Senate Banking Committee Member Asks Fed to Better Regulate Credit Risk Transfers
Senior member of the Senate Banking Committee Jack Reed (D-RI) urged the Federal Reserve to "place additional guardrails" around credit risk transfer transactions ("CRTs").
In a letter to Federal Reserve Chair Jerome Powell, Senator Reed explained that "CRTs, also known as synthetic risk transfers, are transactions where banks pay investors, often private equity firms, to assume potential losses on loans that the banks have originated." Senator Reed warned that the volume of CRTs, "which banks use to reduce capital requirements by offloading risk to private funds," has been increasing, and poses greater risk to the banking system. This year, he said, US banks "executed around 20 transactions totaling an estimated $17 billion."
Senator Reed questioned whether CRTs genuinely transfer credit risk to outside investors or simply concentrate it among a few Wall Street banks. Citing a Reuters' article, he compared CRTs to complex and opaque financial products like collateralized debt obligations that contributed to the 2008 financial crisis. He warned that efforts to circumvent stronger capital and regulatory requirements established after the 2008 crisis could expose the financial system to new risks, particularly since banks are not required to disclose any information regarding CRTs.

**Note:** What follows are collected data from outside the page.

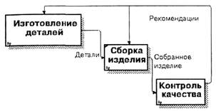 Обратная связь по управлению (output-control feedback), когда выход нижестоящей работы направляется на управление вышестоящей (стрелка «Рекомендации», рис. 15). Обратная связь по управлению часто свидетельствует об эффективности бизнес-процесса. В случае, изображенном на рис. 15, качество изделия может быть повышено путем непосредственного регулирования процессами изготовления деталей и сборки изделия в зависимости от результата (выхода) работы «Контроль качества».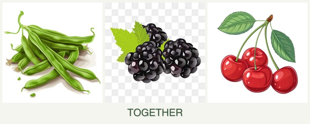- Growth Requirements: Beans, blackberries, and cherries have varying growth needs. Beans fix nitrogen in the soil, benefiting blackberries and cherries, which thrive in nutrient-rich environments.
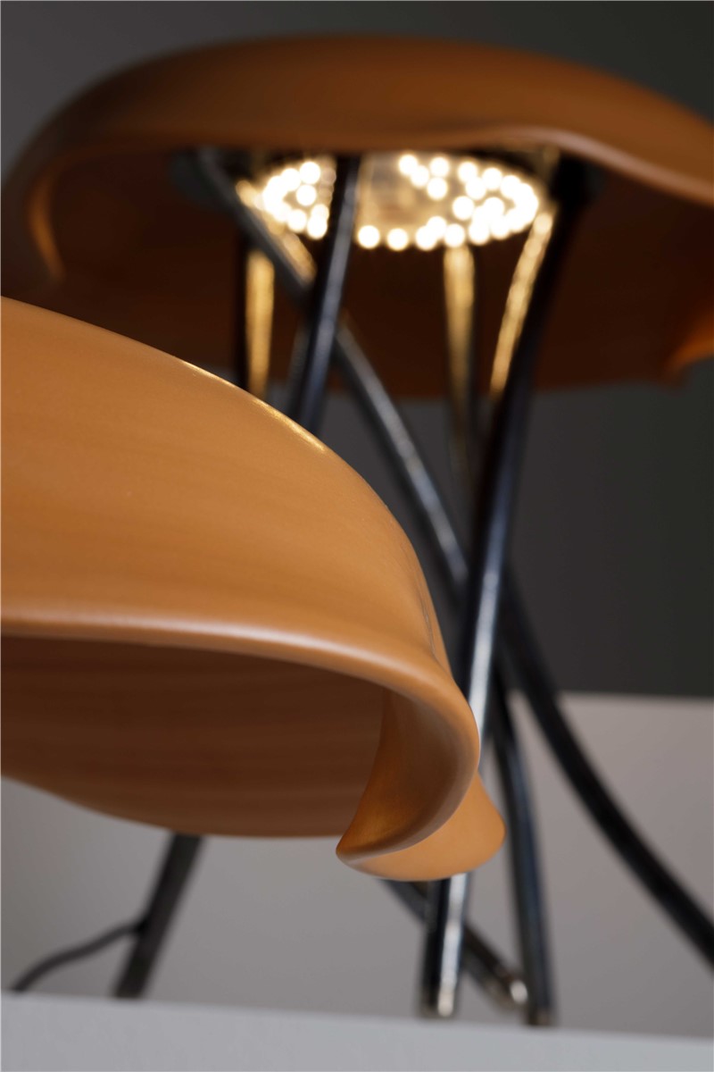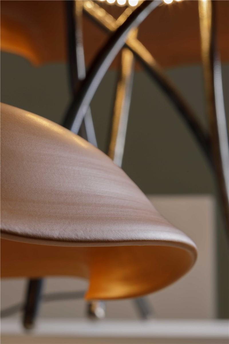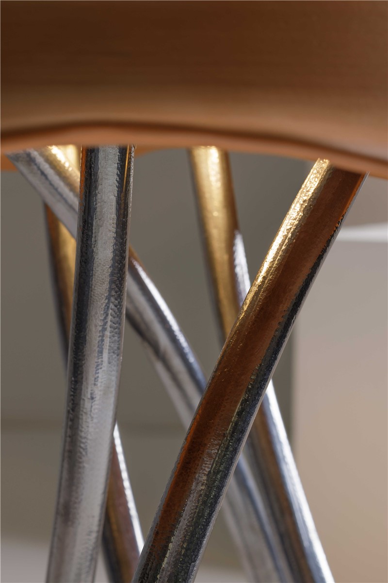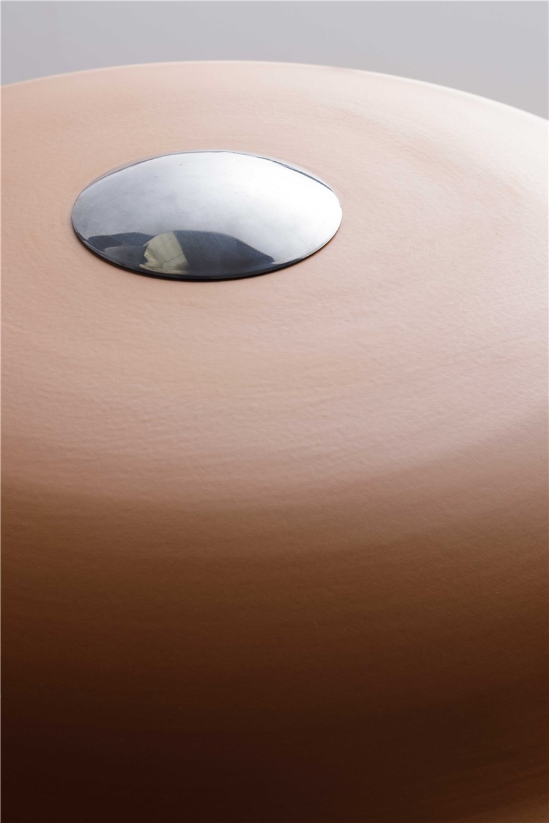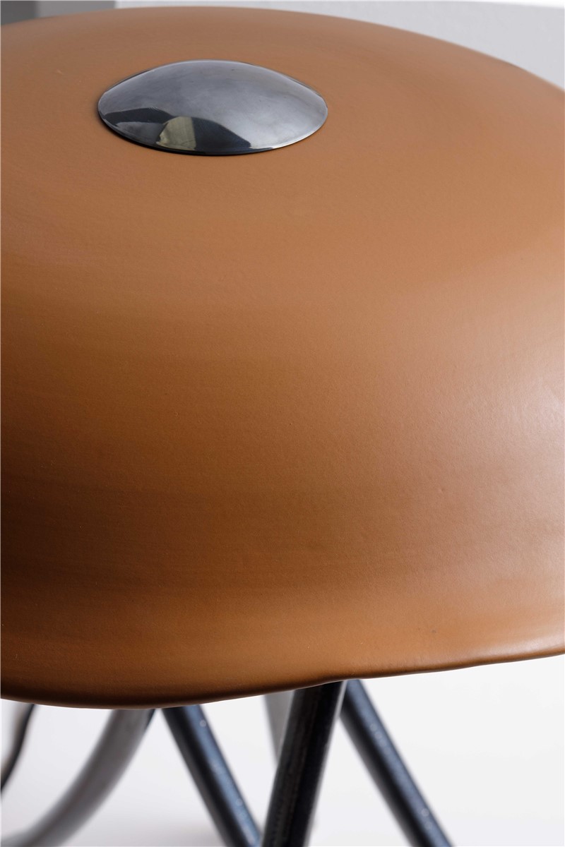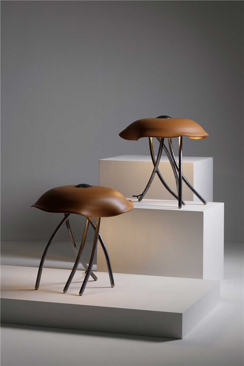 Table lamp with lampshade in majolica hand decorated with structure in pewter silver finish with small details in nickel brass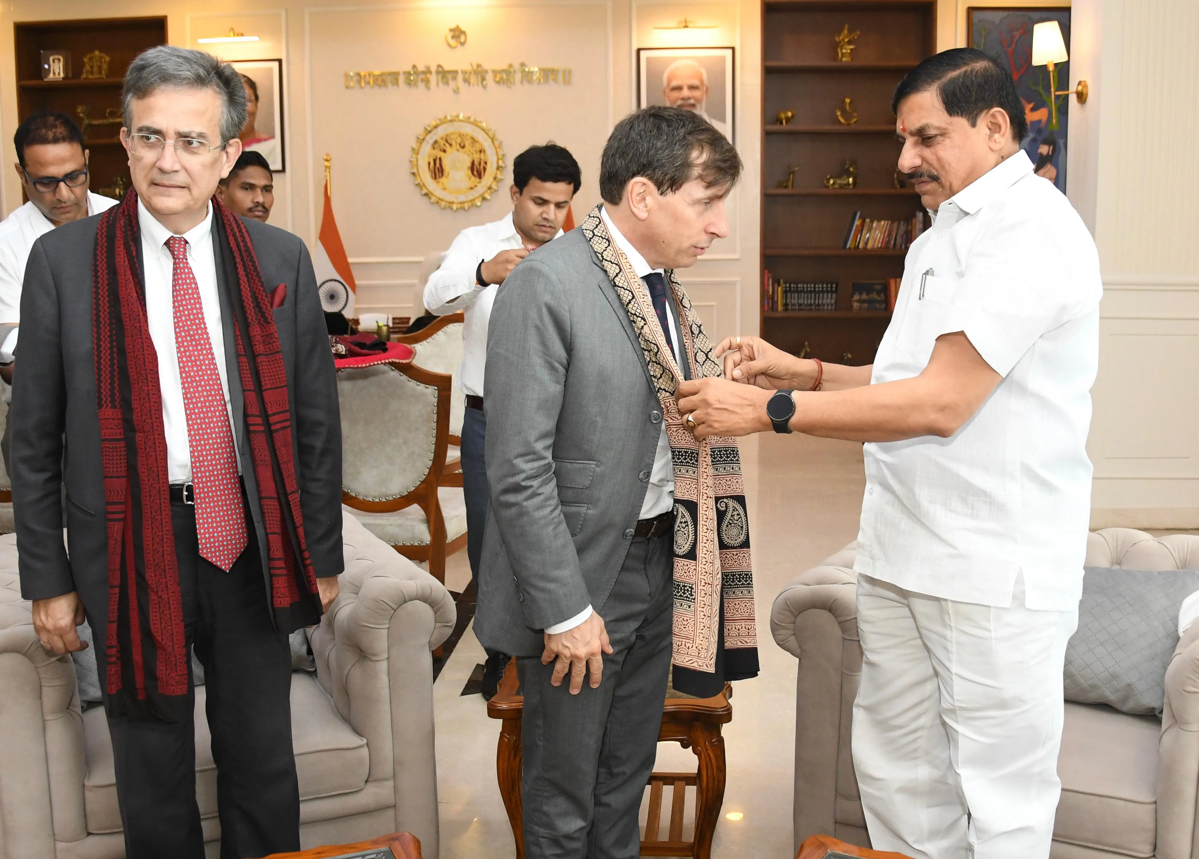 मुख्यमंत्री डॉ. मोहन यादव ने कहा कि प्रधानमंत्री नरेंद्र मोदी के नेतृत्व में भारत-फ्रांस के संबंधों में नई ऊर्जा आई है। मध्य प्रदेश अब इस सहयोग को और आगे बढ़ाने के लिए तैयार है। प्रदेश फ्रांस के साथ सांस्कृतिक संबंधों के साथ व्यापारिक संबंधों के लिए भी तत्पर है। उन्होंने अपनी आगामी फ्रांस यात्रा का जिक्र करते हुए व्यापार, उद्योग और कला में सहयोग के नए रास्ते खोलने की बात कही। उनकी आगामी माह फ्रांस यात्रा प्रस्तावित है।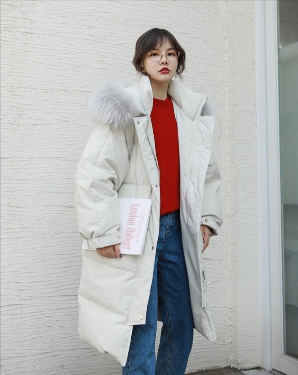 但弊端也有,过年这几天温度可能会暖和些,但大面积的露蛮腰还是会很冷,那我们就要另辟捷径了。这第二种搭配思路便是采用塞衣法,通过把衣角塞到裤腰的方式,穿出上短+下长。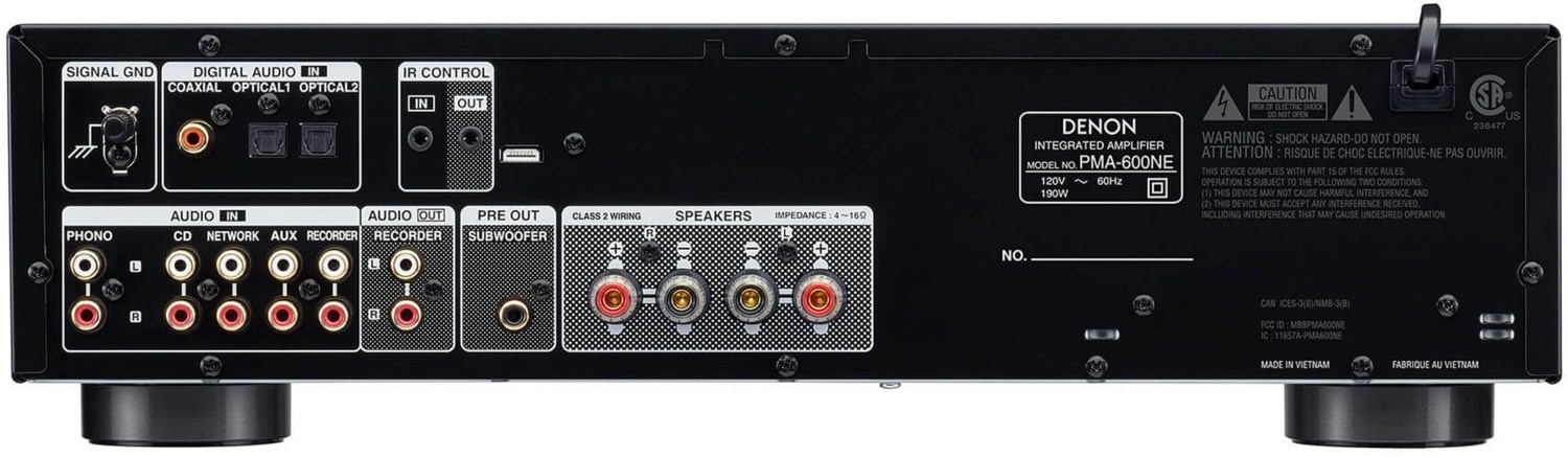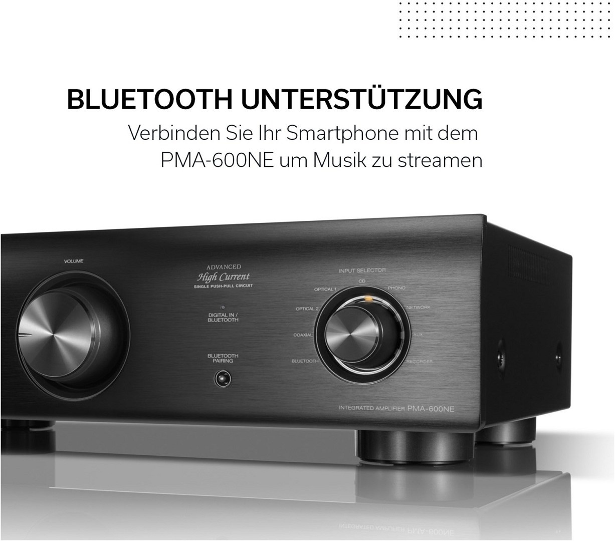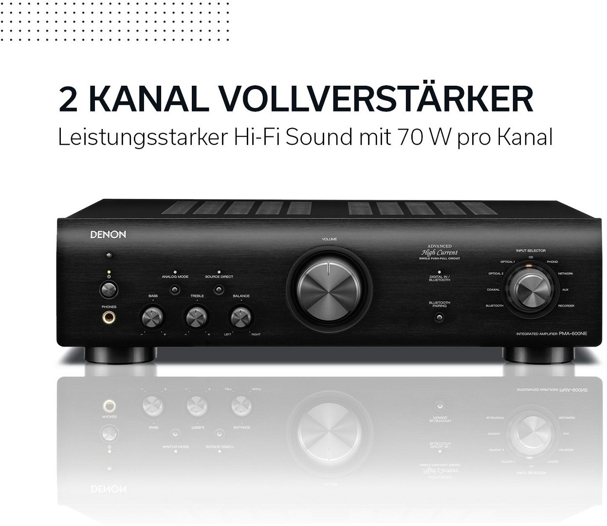 Geschaffen für den anspruchsvollen Musik-Liebhaber ist der Denon PMA-600NE die perfekte Wahl für diejenigen, die Ihr erstes 2 Kanal-HiFi-System aufbauen möchten. Der PMA-600NE wird von einem Denon Advanced High Current-Leistungsverstärker (AHC) mit Hochstrom-Leistungstransistoren in Gegentaktschaltung angetrieben und liefert 70 Watt (bei 4 Ohm) pro Kanal. Verbinden Sie ganz einfach Ihre digitalen und analogen Quellen, über den Phono-Vorverstärker können Sie auch Ihren Plattenspieler anschliessen. Dank des 192kHz/24bit DA-Wandlers erleben Sie Ihre Lieblings-Inhalte in High-Resolution und über Bluetooth können Sie eine nahezu unbegrenzte Anzahl Songs streamen. Der PMA-600NE liefert eine herausragende Soundqualität, die hohe Leistung mit feiner musikalischer Detailzeichnung vereint.

Senator Reed requested the Federal Reserve:
- require public regulatory reporting through bank call reports and systemic risk reports of information regarding each bank's use of CRTs;
- establish quantitative limits on banks by (i) using CRTs to reduce capital requirements and (ii) treating CRT proceeds as unrestricted cash;
- ensure that the stress testing methodology expressly considers the ways that risk purportedly laid off through CRTs could affect the banking system in an economic downturn; and
- assess the risks associated with CRTs based on supervisory experience to date, "including an analysis of whether CRT instruments have truly laid off credit risk and are working as intended."
Commentary
CRTs have long been a topic of concern for US prudential regulators and policymakers (see, e.g., a 2015 paper from the Office of Financial Research emphasizing the need for more data on banks' CRT activities). To that point, Senator Reed's August 2024 letter to the Federal Reserve follows his November 2023 letter that also urged the US prudential regulators to "evaluate the risks associated with 'synthetic risk transfer' transactions, which allow banks to reduce their capital requirements by offloading risk to private market investors." In the November 2023 letter, Senator Reed requested that the US prudential regulators provide the following information: (i) the volume of synthetic risk transfers conducted by institutions under each prudential regulator's supervision for the each of the past ten years; (ii) the amount by which institutions have been permitted to reduce their capital over the same time period; (iii) the degree to which the identity and regulated status of a bank's counterparties affects the availability of synthetic risk transfers; (iv) whether there should be limits on how much capital can be reduced for different classes of assets, especially consumer loans; and (v) an assessment of the risks to individual banks and of systemic risks based on experience to date.